I don’t feel sorry for the poor because Yale is coming after them for the money they owe. I feel sorry for the poor for ever going to Yale in the first place.

Tuition, fees, room and board total over $55,000 this academic year. Who among you think it’s a good idea to graduate into this economy with a $200,000 anchor around your neck? You’d have to steam a lot of milk to pay off that debt.

Needy U.S. borrowers are defaulting on almost $1 billion in federal student loans earmarked for the poor, leaving schools such as Yale University and the University of Pennsylvania with little choice except to sue their graduates.

The record defaults on federal Perkins loans may jeopardize the prospects of current students since they are part of a revolving fund that colleges give to students who show extraordinary financial hardship.

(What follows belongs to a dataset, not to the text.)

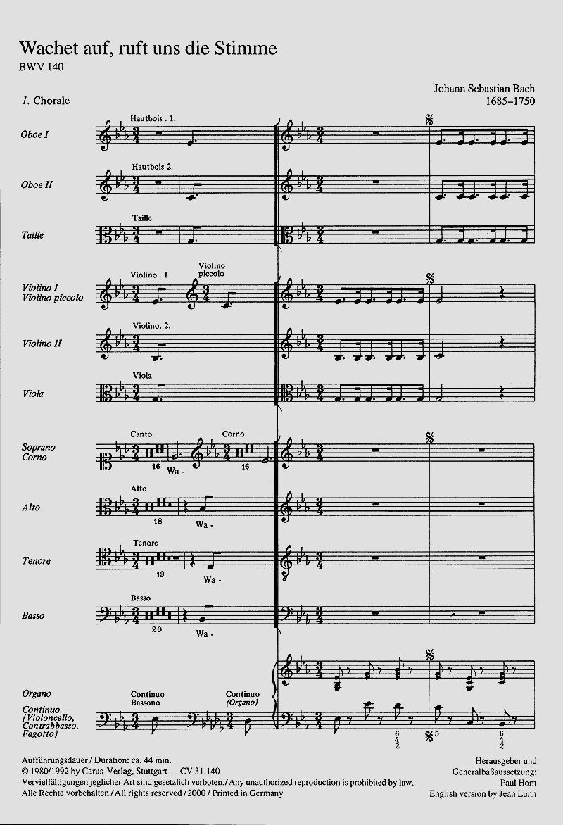 - Besetzung Soli, Gemischter Chor (SATB), 2 Oboen, Englischhorn, Violine, Streicher, Fagott und Orgel

Yale, Penn and George Washington University have all sued former students over nonpayment, court records show. While no one tracks the number of lawsuits, students defaulted on $964 million in Perkins loans in the year ended June 2011, 20 percent more than five years earlier, government data show. Unlike most student loans — distributed and collected by the federal government — Perkins loans are administered by colleges, which use repayment money to lend to other poor students.

So, when some deadbeat (sorry, “needy borrower”) can’t make the payments, it’s the next generation of deadbeat who suffers. I sense a certain justice in that. As long as you and I aren’t on the hook.

Oh wait…

The increase in the amount of defaulted loans among poor students comes as President Barack Obama says he wants to expand access to college for working-class families and increase funding for the Perkins program. Under his proposal, the pot for Perkins loans would increase to $8.5 billion from about $1 billion. The Education Department would service the loans instead of colleges.

I am not here to bash the poor. Judging from his actions, however, President Obama is. His policies do nothing but cripple a robust private sector. In fact, he appears to want to do away with it entirely (as with the loans, above). Why expand a failed program—a program that punishes the poor under the guise of helping them—by 8.5 times?

Because you and I are on the hook for it, that’s why. Same rationale for ObamaCare, for tax rates, for just about everything.

EHC, as Aggie would say: Elections Have Consequences.